◆ Activity
Please restate the records that follow exactly, skipping their images.

Records contained in a dataset:
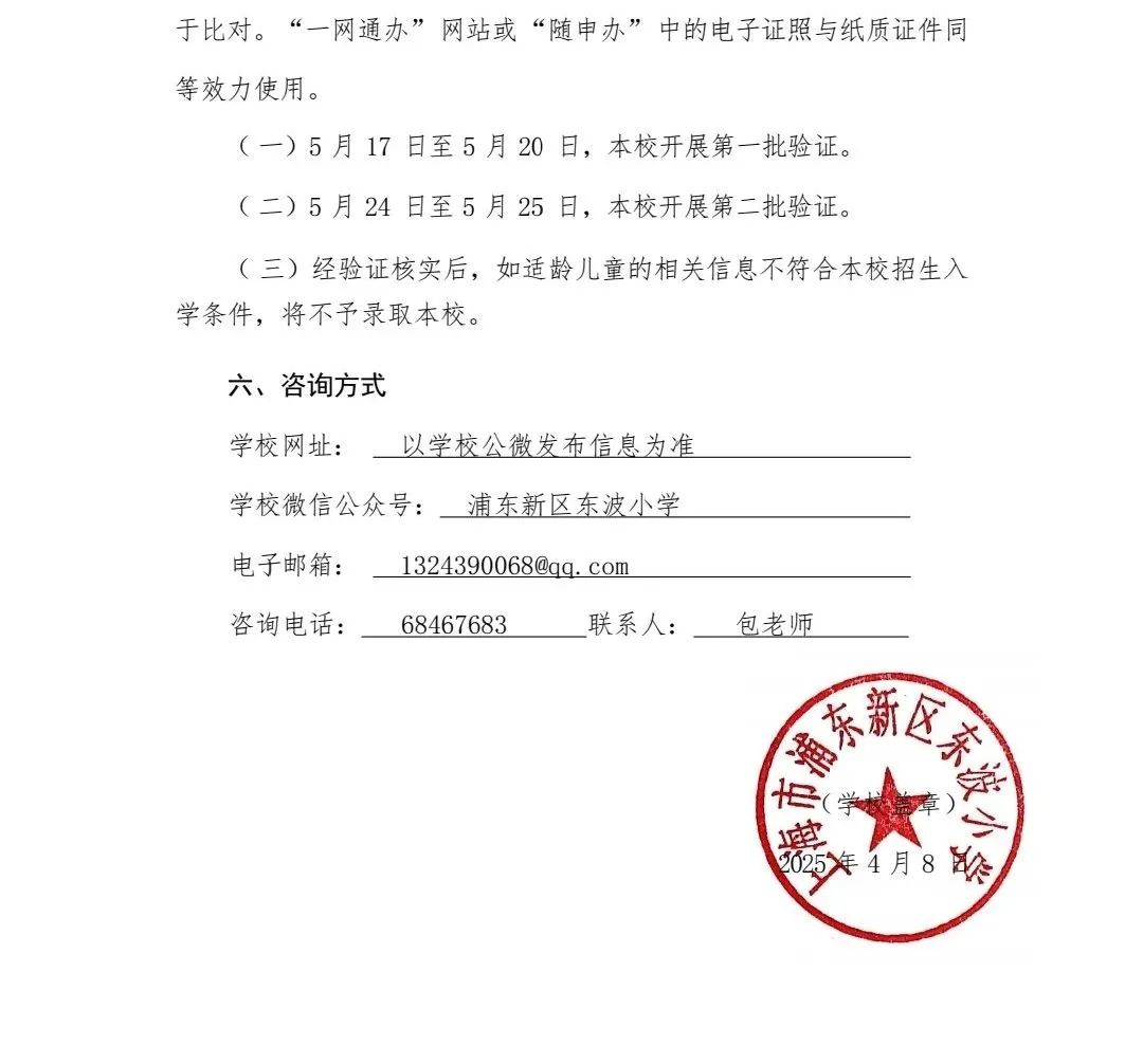 5月20日起,将通过短信和“上海市义务教育入学报名系统”陆续告知相关入学信息。民办学校于5月27日完成招生工作,学校将录取名单报招办。
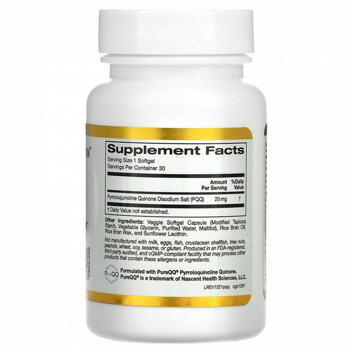 California Gold Nutrition Пирролохинолин PQQ (20 мг), 30 капсул
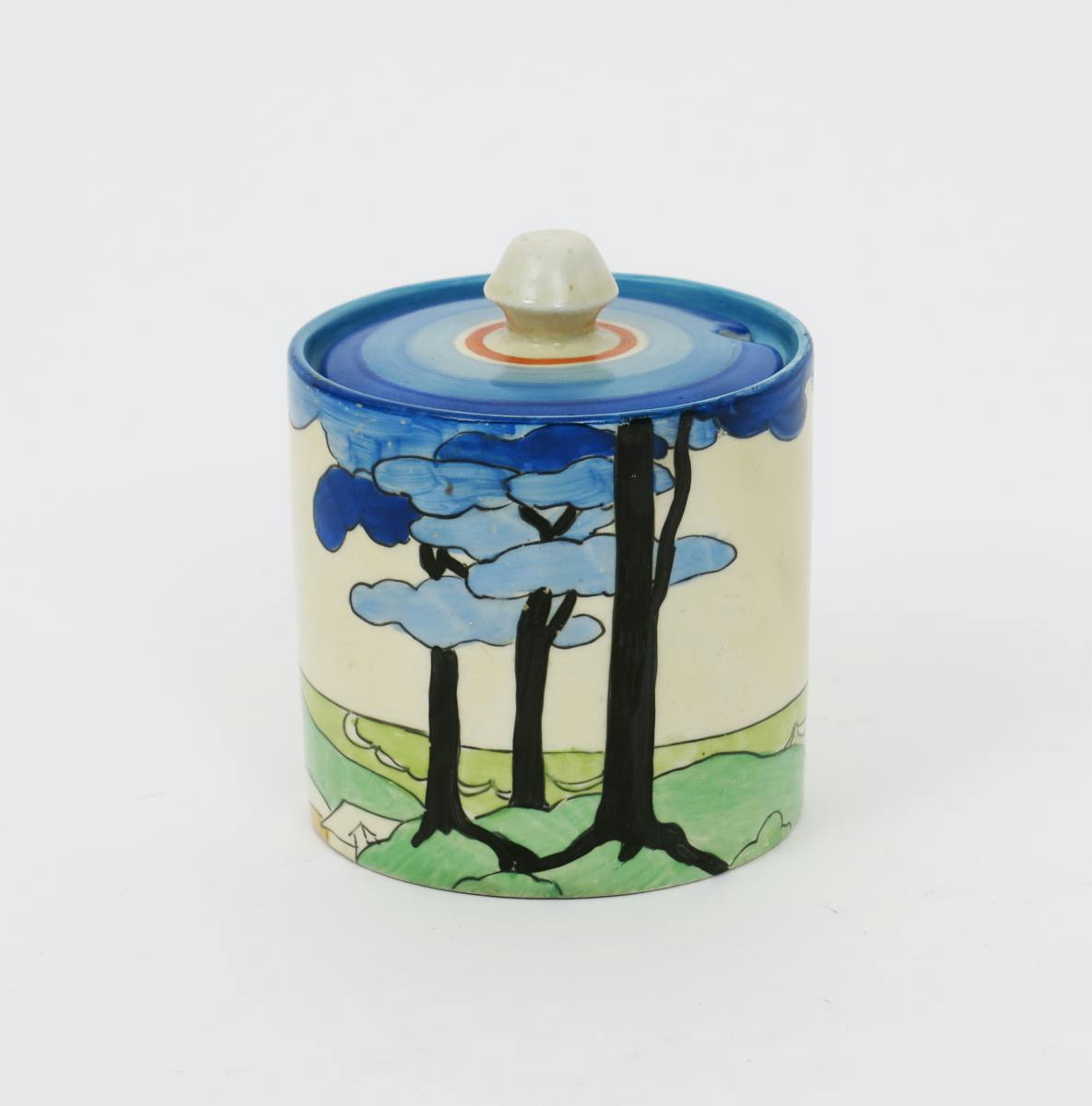 'Blue Firs' a Clarice Cliff Bizarre Cylindrical preserve pot and cover
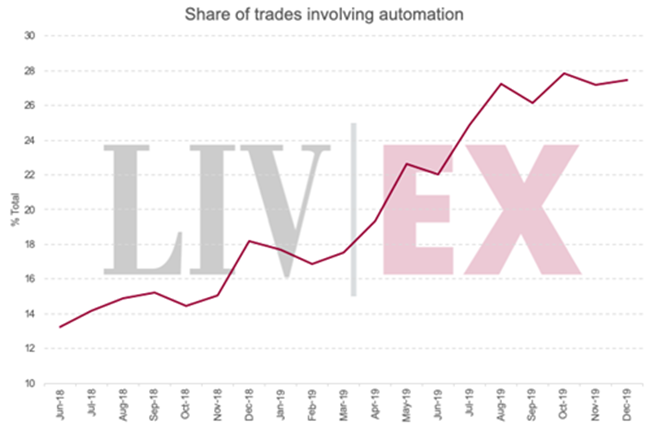 如下圖所示,在過去的18個月,在Liv-ex上涉及自動化的交易數(shù)量一直上升。
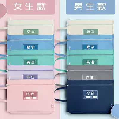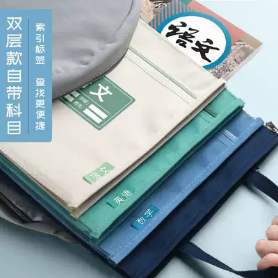 Subject classification bag subject classification homework file bag book bag junior high school Chinese mathematics sub-subject set book test paper storage primary school student textbook double-three-dimensional portable canvas information bag zipper
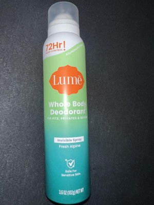 [This review was collected as part of a promotion.] ’ve been using the Lume Fresh Alpine Spray, and I’m really impressed! The scent is clean, fresh, and not overpowering—perfect for everyday wear. I love that it works on both underarms and other areas, making it super versatile. It dries quickly, doesn’t leave any sticky residue, and actually lasts throughout the day. I also appreciate that it’s aluminum-free and gentle on my skin. Definitely a product I’ll keep using, especially on busy days when I need something reliable.
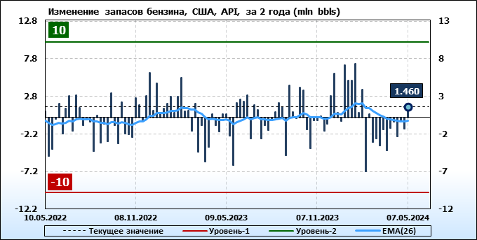 Запасы бензина в США по данным института API выросли на 1.46 млн. баррелей.
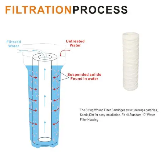 Фильтр осадочных отложений с нитью является экономически эффективным раствором для уменьшения песка, ила, ржавчины, грязи и частиц накипи. Фильтрующий картридж с нитью изготовлен из 100% полипропиленового шнура. Фильтрующий картридж подходит для жилых и коммерческих целей. Этот фильтр осадочного типа подходит как для колодезной, так и для городской воды.

◆ Exercise output
 5月20日起,将通过短信和“上海市义务教育入学报名系统”陆续告知相关入学信息。民办学校于5月27日完成招生工作,学校将录取名单报招办。
 California Gold Nutrition Пирролохинолин PQQ (20 мг), 30 капсул
 'Blue Firs' a Clarice Cliff Bizarre Cylindrical preserve pot and cover
 如下圖所示,在過去的18個月,在Liv-ex上涉及自動化的交易數(shù)量一直上升。
 Subject classification bag subject classification homework file bag book bag junior high school Chinese mathematics sub-subject set book test paper storage primary school student textbook double-three-dimensional portable canvas information bag zipper
 [This review was collected as part of a promotion.] ’ve been using the Lume Fresh Alpine Spray, and I’m really impressed! The scent is clean, fresh, and not overpowering—perfect for everyday wear. I love that it works on both underarms and other areas, making it super versatile. It dries quickly, doesn’t leave any sticky residue, and actually lasts throughout the day. I also appreciate that it’s aluminum-free and gentle on my skin. Definitely a product I’ll keep using, especially on busy days when I need something reliable.
 Запасы бензина в США по данным института API выросли на 1.46 млн. баррелей.
 Фильтр осадочных отложений с нитью является экономически эффективным раствором для уменьшения песка, ила, ржавчины, грязи и частиц накипи. Фильтрующий картридж с нитью изготовлен из 100% полипропиленового шнура. Фильтрующий картридж подходит для жилых и коммерческих целей. Этот фильтр осадочного типа подходит как для колодезной, так и для городской воды.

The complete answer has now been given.